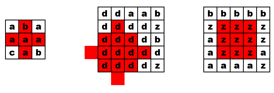 第一行包含两个整数 $n$ 和 $m$($1 \leq n, m \leq 2000$)。接下来的 $n$ 行,每行包含 $m$ 个小写英文字母,第 $j$ 个字母表示当前行第 $j$ 列的布片。相同字母表示相同颜色,不同字母表示不同颜色。
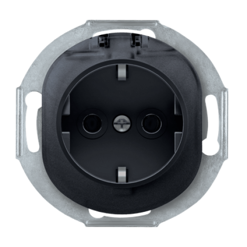 Розетка с заземлением с поликарбонатовой вставкой и крышкой Aling Conel серии EON. Цвет "Черный" (E633.E1)
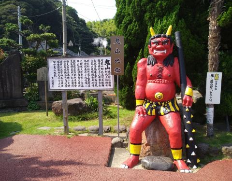 由鬼山的地名而来的。特点就是利用温泉的热度来饲养鳄鱼,现已有300余头,大大小小的都趴着不动。
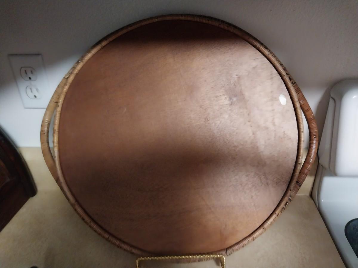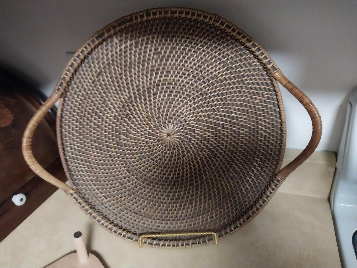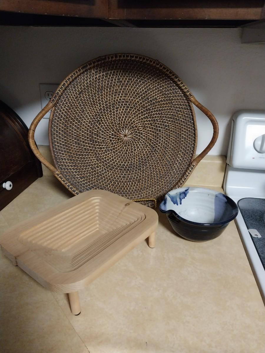 WOVEN PLATTER, WOODEN BOWL AND CLAY BATTER BOWL

▶ Task details
Give back all of the material exactly, though without the images it contains.

▶ Answer box
 第一行包含两个整数 $n$ 和 $m$($1 \leq n, m \leq 2000$)。接下来的 $n$ 行,每行包含 $m$ 个小写英文字母,第 $j$ 个字母表示当前行第 $j$ 列的布片。相同字母表示相同颜色,不同字母表示不同颜色。
 Розетка с заземлением с поликарбонатовой вставкой и крышкой Aling Conel серии EON. Цвет "Черный" (E633.E1)
 由鬼山的地名而来的。特点就是利用温泉的热度来饲养鳄鱼,现已有300余头,大大小小的都趴着不动。
 WOVEN PLATTER, WOODEN BOWL AND CLAY BATTER BOWL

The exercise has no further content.